Juicing apples

The Homebrew Forum

Help Support The Homebrew Forum:

This site may earn a commission from merchant affiliate links, including eBay, Amazon, and others.

tonyhibbett

Landlord.
Joined
Oct 24, 2010
Messages
2,725
Reaction score
159
Location
Isleworth, Middlesex
This is an update to an earlier posting.
Using a whole fruit juicer, I have now processed about 36 kilos of apples, resulting in a raw extraction rate greater than 70% by straining the waste pulp. Having removed, by siphoning, the froth and sediment, after settling, I ended up with 55% translucent juice, which I believe exceeds the product of traditional crushing and pressing (up to 50%), and at a fraction of the cost of equipment. But you have to be organised. I picked enough apples to fill a 3 gallon bucket, (about 7 kilos), filled it with water to wash and set up 2 x 2 gallon buckets, one for the juice and one for the pulp, with a muslin straining bag inside the latter. Then placed the juicer and collecting jug inside a clean plastic tray, as things get rather messy. You can juice 3 average size apples in one go. After 2 litres of juice, empty the pulp collector into the muslin bagged bucket and strain out the juice, putting the dry pulp into a plastic bag and the resultant juice with the rest in the first bucket. Continue until all apples processed. Skim off most of the thick foam in the bucket and transfer juice into a demijohn to settle for a few hours. Cleaning out the juicer is somewhat tedious, so process as many apples as you can in one session.
Once the juice has settled, siphon out the translucent juice between the foam and sediment and either discard the waste, or drink it. It's very 'wholemeal'! Add 1 crushed campden tablet, (I use clean pliers) a teaspoon of pectic enzyme to 'clear' juice, stir and fit fermentation lock.

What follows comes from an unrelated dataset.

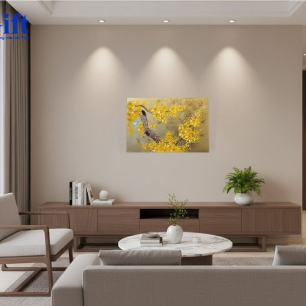 • Bộ sản phẩm bao gồm: 01 tranh hoa mai dát vàng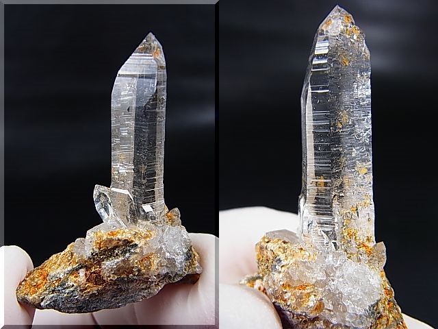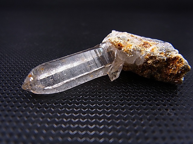 本品はヘマタイトやリモナイトが付着しながら透明度がありマイカの付着で照りの良い美しい水晶ポイントです。

If natural fermentation has not started within 48 hours, add nutrient and yeast.
 
To calculate the %, I weighed the apples, measured the juice and weighed the strained pulp. As the juice is mostly water, 1 litre weighs 1 kilo. Subtract weight of raw juice from weight of apples then divide result by weight of apples and multiply by 100. eg, 9 kg apples, 2.2 kg strained pulp. Result 24.44% pulp, so 75.55% raw juice. After siphoning out 'clear' juice, using same method with sediment and froth is not so precise as the froth is mostly air and some sediment remains suspended in the juice which will be removed after fermentation and fining, by which time 45% of the sugar content is lost as carbon dioxide, about 2.5% of the original volume. Basically, you need slightly less than 2 kg of apples to produce 1 litre of 'clear' juice, hence the figure 55%.